U.S. information technology company

Qumu Corporation is an American information technology headquartered in Minneapolis. Qumu provides an enterprise video platform that creates, manages, secures, distributes and measures the success of live and on-demand video within the enterprise. Common use cases for the company's products include executive webcasts, virtual events, employee collaboration and training. The Qumu platform is offered in three implementation types: cloud-based software-as-a-service (SaaS), on-premises, and hybrid.

Originally focused on Global 2000 companies with high security, reliability and global video delivery requirements, in 2020, Qumu began providing its SaaS products to small and medium enterprises as video became core to operations in smaller businesses. The company's customer base includes organizations in six verticals markets: banking and finance, health and life science, professional services, manufacturing, telecommunications, and government.

==History==

Qumu was founded in 2002, when Yahoo! purchased the dot-com era search engine company Inktomi. As part of that transaction, Yahoo received a technology for managing and publishing video assets called Media Publisher, originally developed by eScene. Two entrepreneurs and former eScene executives approached Yahoo with an offer for the Media Publisher product. They spent the next six years developing it into an enterprise video platform and renamed the company Qumu in 2008.
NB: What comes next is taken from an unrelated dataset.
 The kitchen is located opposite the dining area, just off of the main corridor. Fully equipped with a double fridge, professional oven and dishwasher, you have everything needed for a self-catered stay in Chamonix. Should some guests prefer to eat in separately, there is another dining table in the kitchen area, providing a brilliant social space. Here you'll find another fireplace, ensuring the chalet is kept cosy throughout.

In 2014, Qumu acquired London-based video platform provider Kulu Valley and rebranded their video platform as Qumu Cloud.
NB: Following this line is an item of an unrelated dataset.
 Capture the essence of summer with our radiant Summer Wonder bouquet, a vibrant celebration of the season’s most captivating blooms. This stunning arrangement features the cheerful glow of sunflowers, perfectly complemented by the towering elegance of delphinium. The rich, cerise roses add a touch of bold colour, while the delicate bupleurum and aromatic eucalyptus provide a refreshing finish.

In October 2015, Qumu named Vern Hanzlik President and CEO. Hanzlik was a founder of content management technology company Stellent, which sold to Oracle for $440 million in 2006.

In July 2020, Qumu appointed technology executive TJ Kennedy as Chief Executive Officer.

In September 2020, Qumu launched its Zoom app.

Qumu was acquired by TSX-listed company Enghouse Systems Ltd in an all-cash deal worth  million in February 2023.